YOUR INSTRUCTIONS: The answer must be only the lines below from the one holding "邊檢民警正在為機(jī)組人" down to the one holding "- High-Powered Turbofan", ends included, printed exactly; please omit all pictures.

MATERIAL FOR THIS TASK:
▬▬▬▬▬▬

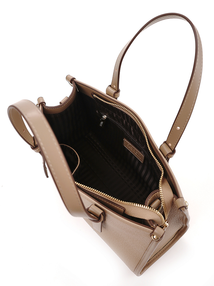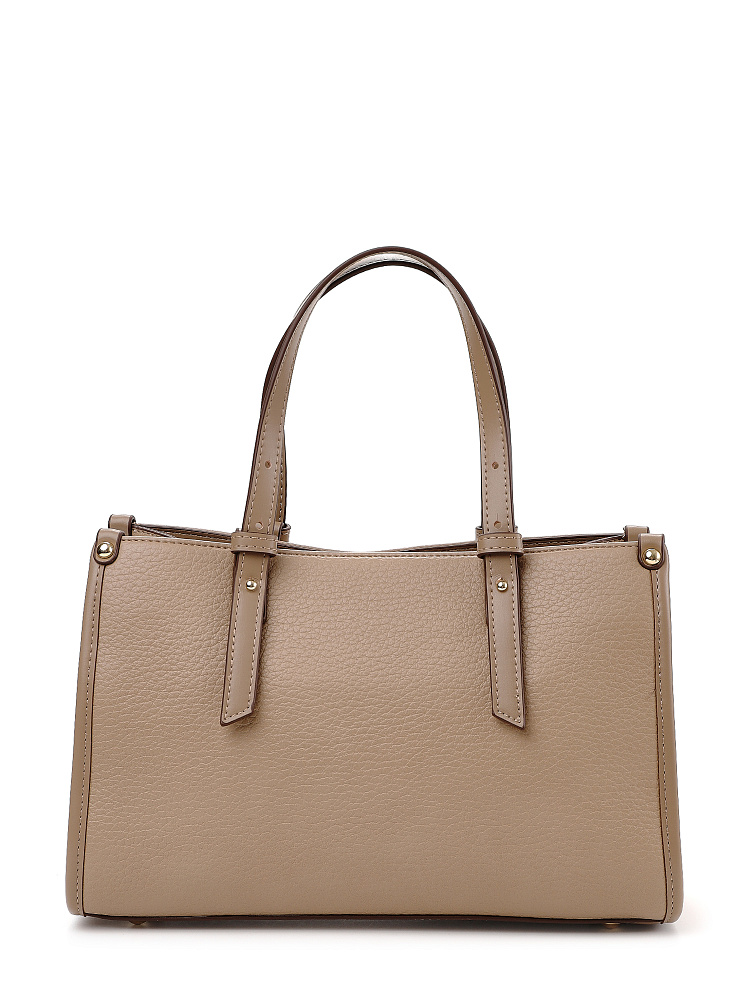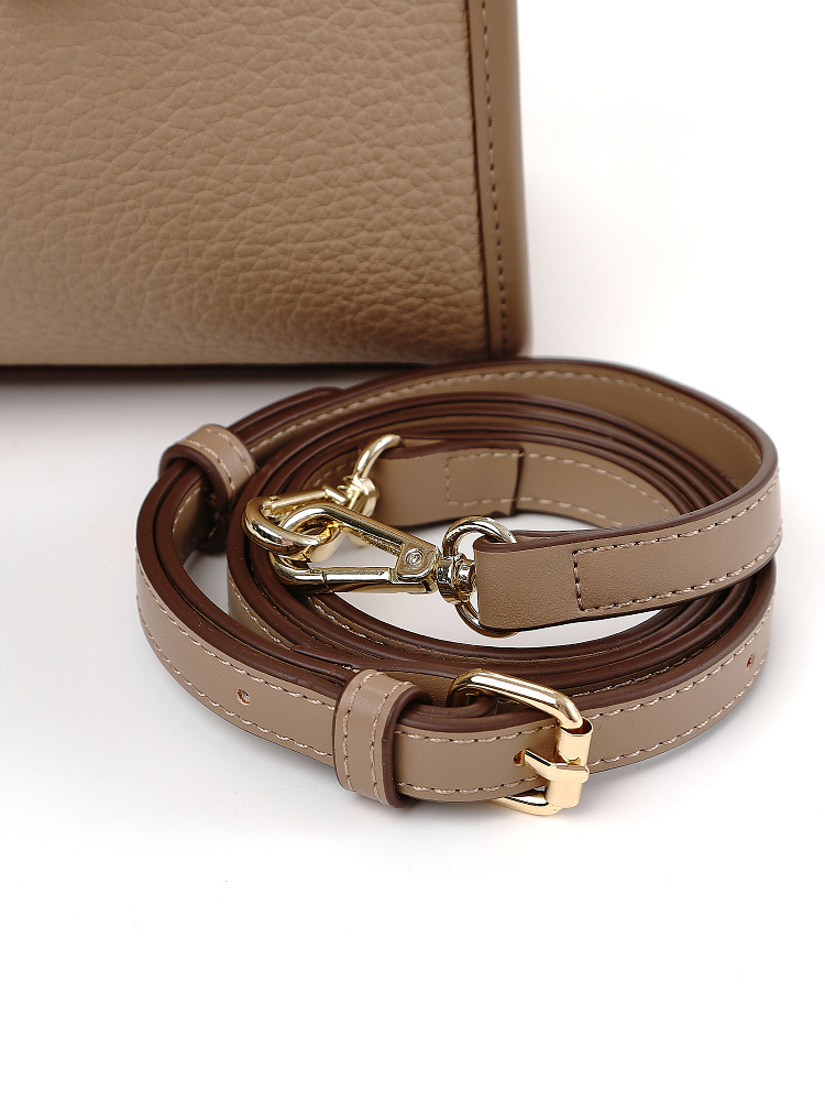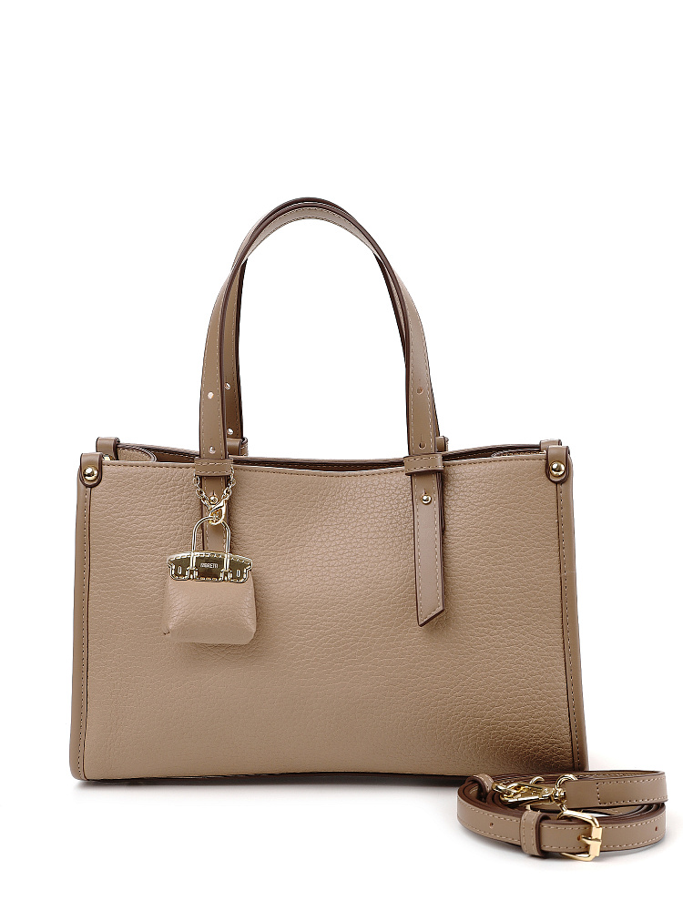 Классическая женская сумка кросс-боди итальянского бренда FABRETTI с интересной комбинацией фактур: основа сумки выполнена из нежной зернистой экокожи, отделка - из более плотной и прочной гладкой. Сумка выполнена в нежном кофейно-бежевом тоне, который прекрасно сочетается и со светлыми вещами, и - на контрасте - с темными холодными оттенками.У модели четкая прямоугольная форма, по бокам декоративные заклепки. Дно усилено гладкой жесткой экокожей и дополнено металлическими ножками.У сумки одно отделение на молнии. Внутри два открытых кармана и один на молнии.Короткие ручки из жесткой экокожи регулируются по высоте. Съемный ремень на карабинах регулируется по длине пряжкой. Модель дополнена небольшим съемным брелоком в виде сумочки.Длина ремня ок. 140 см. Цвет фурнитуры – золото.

▬▬▬▬▬▬

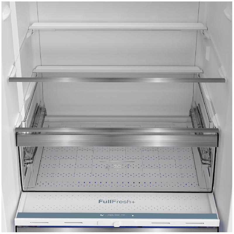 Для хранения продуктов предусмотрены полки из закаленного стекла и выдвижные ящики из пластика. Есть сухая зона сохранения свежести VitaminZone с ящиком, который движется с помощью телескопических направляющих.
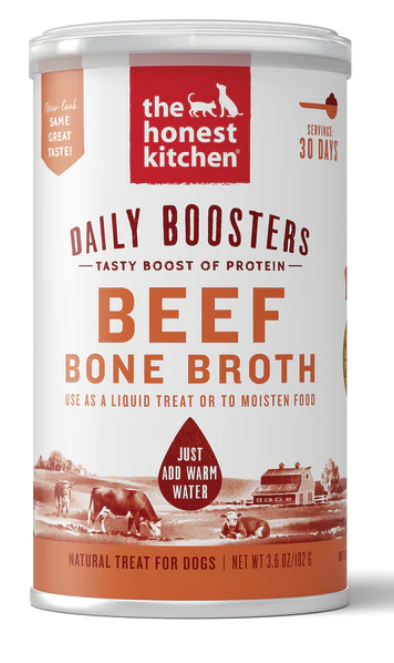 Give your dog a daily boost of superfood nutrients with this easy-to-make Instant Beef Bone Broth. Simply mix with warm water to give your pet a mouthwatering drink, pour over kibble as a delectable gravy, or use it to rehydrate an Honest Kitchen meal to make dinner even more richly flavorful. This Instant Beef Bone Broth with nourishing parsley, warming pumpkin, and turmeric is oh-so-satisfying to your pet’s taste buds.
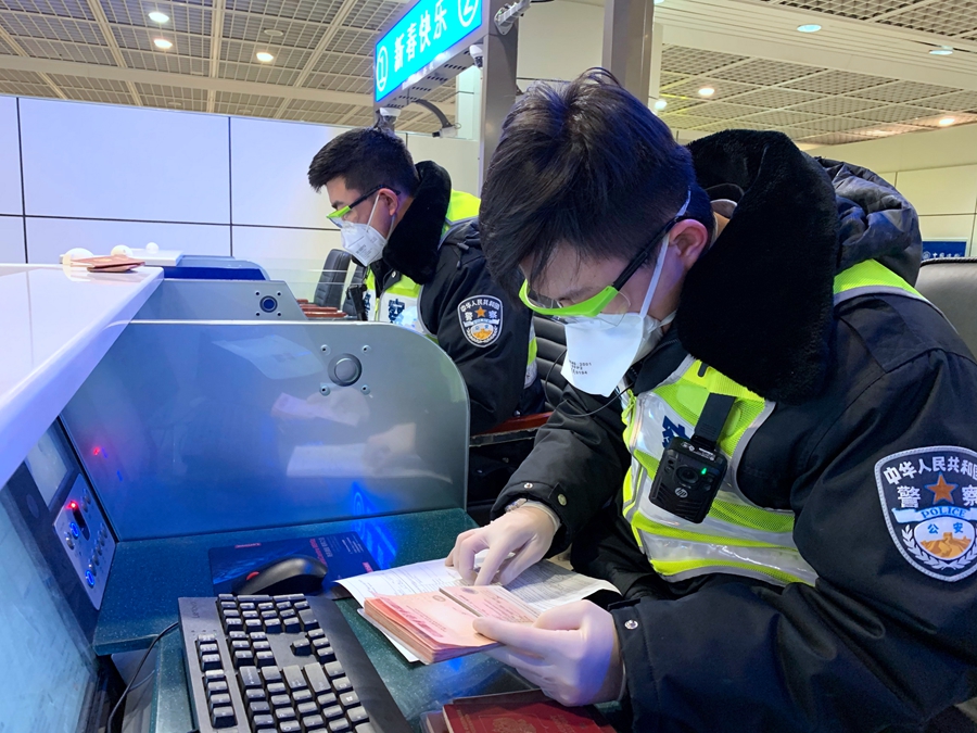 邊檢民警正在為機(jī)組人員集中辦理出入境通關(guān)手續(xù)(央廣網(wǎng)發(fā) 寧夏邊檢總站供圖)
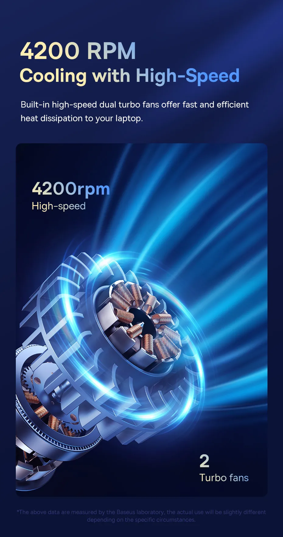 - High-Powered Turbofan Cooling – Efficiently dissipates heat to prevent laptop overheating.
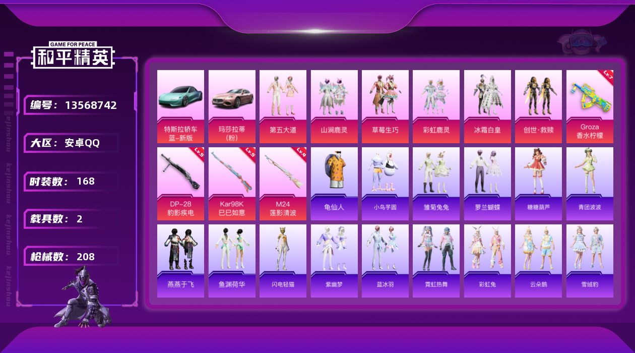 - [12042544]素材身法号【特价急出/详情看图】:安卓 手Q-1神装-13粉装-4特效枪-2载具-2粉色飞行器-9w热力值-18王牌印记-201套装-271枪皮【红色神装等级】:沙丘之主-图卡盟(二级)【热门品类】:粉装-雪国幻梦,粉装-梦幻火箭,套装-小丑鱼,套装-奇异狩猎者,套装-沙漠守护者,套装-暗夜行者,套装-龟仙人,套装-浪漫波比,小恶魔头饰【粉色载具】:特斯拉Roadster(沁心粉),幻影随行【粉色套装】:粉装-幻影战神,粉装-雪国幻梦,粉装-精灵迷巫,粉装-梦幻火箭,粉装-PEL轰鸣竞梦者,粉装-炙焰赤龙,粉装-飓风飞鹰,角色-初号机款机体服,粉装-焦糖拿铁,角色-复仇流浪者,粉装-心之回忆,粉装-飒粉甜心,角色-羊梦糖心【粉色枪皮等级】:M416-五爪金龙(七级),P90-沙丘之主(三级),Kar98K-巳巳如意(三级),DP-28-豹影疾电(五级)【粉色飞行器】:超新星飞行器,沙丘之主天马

▬▬▬▬▬▬

RESPONSE TO THIS EXERCISE:
 邊檢民警正在為機(jī)組人員集中辦理出入境通關(guān)手續(xù)(央廣網(wǎng)發(fā) 寧夏邊檢總站供圖)
 - High-Powered Turbofan Cooling – Efficiently dissipates heat to prevent laptop overheating.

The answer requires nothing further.